1. The Nature of Econometrics and Economic Data

1.1 What is Econometrics?

Econometrics is based upon the development of statistical methods for estimating economic relationships, testing economic theories, and evaluating and implementing government and business policy. ex) we will consider the effect of school spending on student performance in the field of education.

1.2 Steps in empirical economic analysis

An empirical analysis uses data to test a theory or to estimate a relationship.

How does one go about structuring an empirical economic analysis? It is worth emphasizing that the first step in any empirical analysis is the careful formation of the question of interest. ex) the question might deal with testing a certain aspect of an economic theory, or it might pertain to testing the effects of a government policy.

In some cases, especially those that involve the testing of economic theories, a formal economic model is constructed. An economic model consists of mathematical equations that describe various relationships. Economists are well-known for their building of models to describe a vast array of behaviors.

(...) We can never eliminate error term entirely. In fact, dealing with this error term or disturbance term is perhaps the most important component of any econometric analysis.

Cross-Sectional Data

A cross-sectional data set consists of a sample of individuals, households, firms, cities, states, countries, or a variety of other units, taken at a given point in time. Sometimes, the data on all units do not correspond to precisely the same time period (We would ignore any minor time differences in collecting the data).

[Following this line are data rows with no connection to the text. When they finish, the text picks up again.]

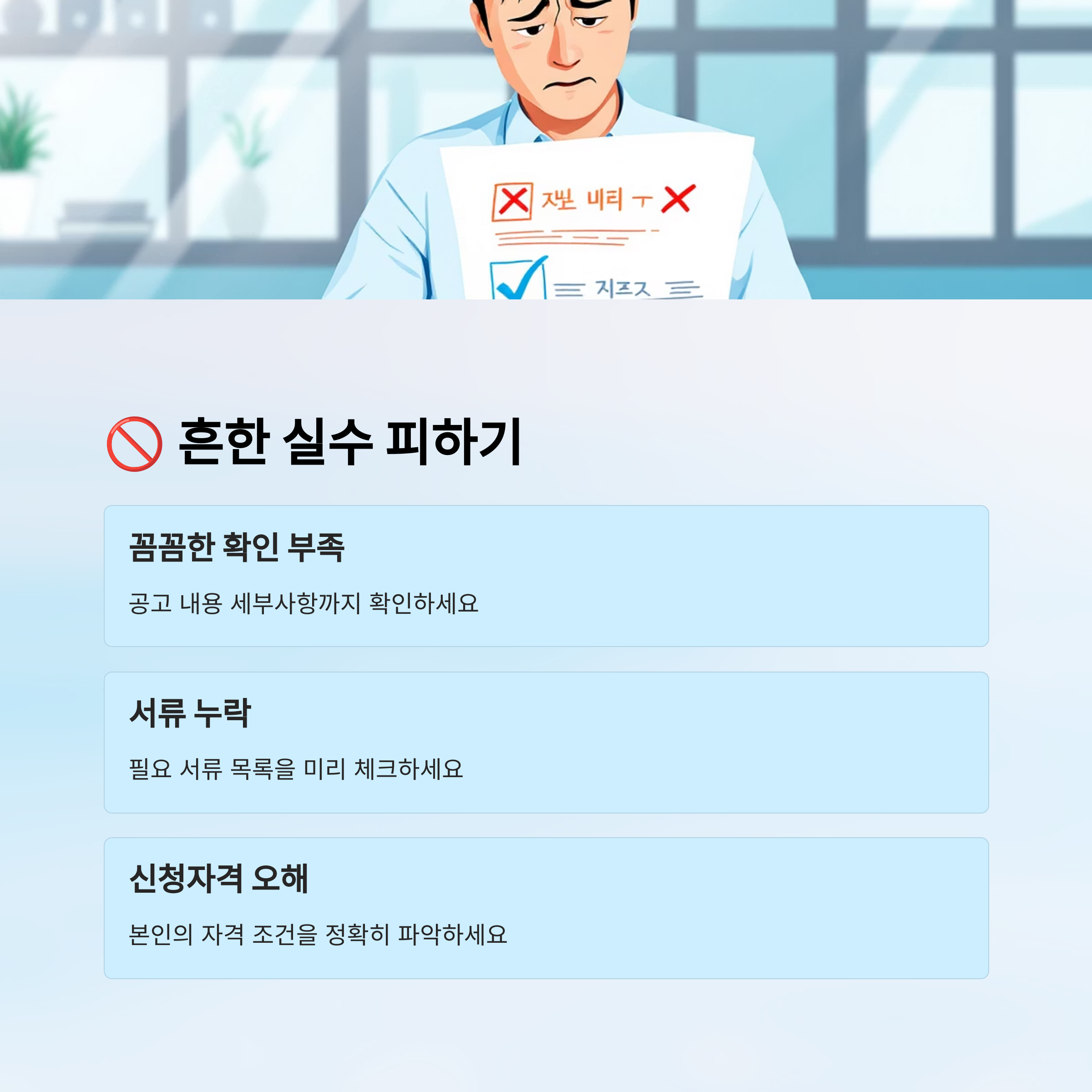 2️⃣ 제출서류 누락. 빠지기 쉬운 게 소득 관련 서류나 가족 증빙 서류예요. 특히 공통서류 외에 조건별 추가서류가 있는지 반드시 체크해야 해요.
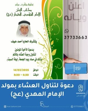 أكمل القراءة »يدعوكم الحاج أحمد ضيف لتناول طعام العشاء بمأتمه بمناسبة ذكرى مولد الإمام الحجة ابن الحسن (عج) ليلة السبت 14/2/2025 في تمام الساعة 6:30
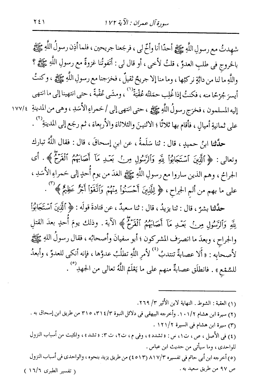 حَدَّثَنَا ابْنُ حُمَيْدٍ، قَالَ: ثنا سَلَمَةُ، عَنِ ابْنِ إِسْحَاقَ، قَالَ: فَقَالَ اللَّهُ تَبَارَكَ وَتَعَالَى: {§الَّذِينَ اسْتَجَابُوا لِلَّهِ وَالرَّسُولِ مِنْ بَعْدِ مَا أَصَابَهُمُ الْقَرْحُ} [آل عمران: 172] «أَيِ الْجِرَاحُ، وَهُمُ الَّذِينَ سَارُوا مَعَ رَسُولِ اللَّهِ صَلَّى اللهُ عَلَيْهِ وَسَلَّمَ الْغَدَ مِنْ يَوْمِ أُحُدٍ إِلَى حَمْرَاءِ الْأَسَدِ عَلَى مَا بِهِمْ مِنْ أَلَمِ الْجِرَاحِ» {لِلَّذِينَ أَحْسَنُوا مِنْهُمْ وَاتَّقَوْا أَجْرٌ عَظِيمٌ} [آل عمران: 172]

An important feature of cross-sectional data is that we can often assume that they have been obtained by random sampling from the underlying population. 

* Random sampling: Random sampling is a part of the sampling technique in which each sample has an equal probability of being chosen. A sample chosen randomly is meant to be an unbiased representation of the total population.

* unbiased: what is an unbiased estimator? If the estimator(the sample mean) equals the parameter(the population mean), then it's an unbiased estimator.

Time Series Data

A time series data set consists of observations on a variable or several variables over time.

Past events can influence future events and lags in behavior are prevalent in the social sciences. Time is an important dimension in a time series data set. Unlike the arrangement of cross-sectional data, the chronological ordering of observations in a time series conveys potentially important information.

A key feature of time series data that makes them more difficult to analyze than cross-sectional data is the fact that economic observations can rarely, if ever, be assumed to independent across time. Another feature of times series data that can require special attention is the data frequency at which the data are collected. In economics, the most common frequencies are daily, weekly, monthly, quarterly, and annually.

Pooled Cross Sections

Some data sets have both cross-sectional and time series features. In order to increase our sample size, we can form a pooled cross section by combing the two years.

Pooling cross sections from different years is often an effective way of analyzing the effects of a new government policy. The idea is to collect data from the years before and after a key policy change.

Panel or Longitudinal Data

A panel data (or longitudinal data) set consists of a time series for each cross-sectional member in the data set.

The key feature of panel data that distinguishes them from a pooled cross section is the fact that the same cross-sectional units are followed over a given time period. Observing the same units over time leads to several advantages over cross-sectional data or even pooled cross-sectional data. The benefit is that having multiple observations on the same units allows us to control certain unobserved characteristics of individuals, firms, and so on. A second advantage of panel data s that they often allow us to study the importance of lags in behavior or the result of decision making. 

1.4 Causality and the notion of ceteris paribus in econometric analysis

In most tests of economic theory, and certainly for evaluating public policy, the economist's goal is to infer that one variable (such as education) has a causal effect on another variable (such as worker productivity).

The notion of ceteris paribus - which means "other (relevant) factors being equal" plays an important role in causal analysis.

You probably remember from introductory economics that most economic questions are ceteris paribus by nature. For example, in analyzing consumer demand, we are interested in knowing the effect of changing the price of a good on it's quantity demanded, while holding all other factors - such as income, prices, of other goods, and individual tastes - fixed. If other factors are not held fixed, then we cannot know the causal effect of a price change on quantity demanded.